With biosimilars, the whole idea is to foster competition. That idea was even highlighted by the recent President’s Cancer Panel Report. But they’re still complex molecules that require a major cost investment, so there’s a concern that competition will not be enough to substantially lower the escalating price of these products.
Competition is certainly needed because clearly these companies know that cancer patients and their families will often pay whatever it takes to get access to a new therapy. We can’t just leave it to market forces to limit the cost.
One proposal is to put a cap on how much pharmaceutical companies can charge for “me-too-biologics” [biologics that target the same molecular pathways but are developed independently]. And putting a cap on what biosimilars can charge might begin to blunt that vicious cycle. The challenge is you can’t make it so draconian that companies decide it’s not worth it because there will be no competition.
Are there other things that can be done to bring down costs?
We need to find a way. There needs to be some regulation, or else the only ones not profiting in all of this will be the patients — and it’s their lives that are at stake.

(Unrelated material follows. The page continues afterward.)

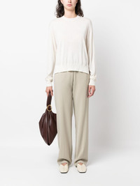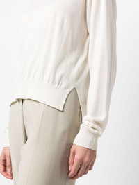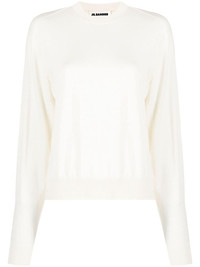 ribbed crew neck jumper Spun in Italy from a delicate blend of virgin wool, cashmere and silk, this white crew neck jumper speaks to Jil Sander's minimalist take on garments. Its understated design is cut to a relaxed silhouette and fitted with a ribbed hem and cuffs. Highlights - White - Virgin wool-cashmere blend - Knitted construction - Crew neck - Long sleeves - Ribbed cuffs and hem Made in Italy Composition Cashmere 35%, Virgin Wool 35%, Silk 30% SIZE & FIT Model measurements Height 5 ft 9 in(1.76 m) Bust/Chest 33.07 in(84 cm) Hips 34.64 in(88 cm) Waist 25.59 in(65 cm) FittingInformation Designed for a relaxed fit, this piece allows for comfort and movement when worn Made with a lightweight knit, this piece offers some stretch This piece fits true to size – take your usual size Washing instructions Dry Clean Only

Again, some of these agents are miracle drugs, but others may only improve median survival by a month or weeks, days, or not at all. Yet they’re being priced as the market will bear so patients are paying top dollar for nominal benefit. Value-based pricing — allowing the Centers for Medicare and Medicaid Services to set or negotiate prices with manufacturers, to set or negotiate the price with the company in proportion to the drug’s benefit, its value to patients and the system — makes so much sense.
But it takes political will, it takes determination, and it takes vocal patient advocates and providers. Industry isn’t going to do this on its own, and Congress doesn’t seem compelled to do much either.
The ballot box is always there, but the voice of the patient and those in the health care field can be influential. We have to be far more vocal — it’s not just about cost, it’s about doing what’s right and assuring appropriate access to these exciting, potentially curative drugs.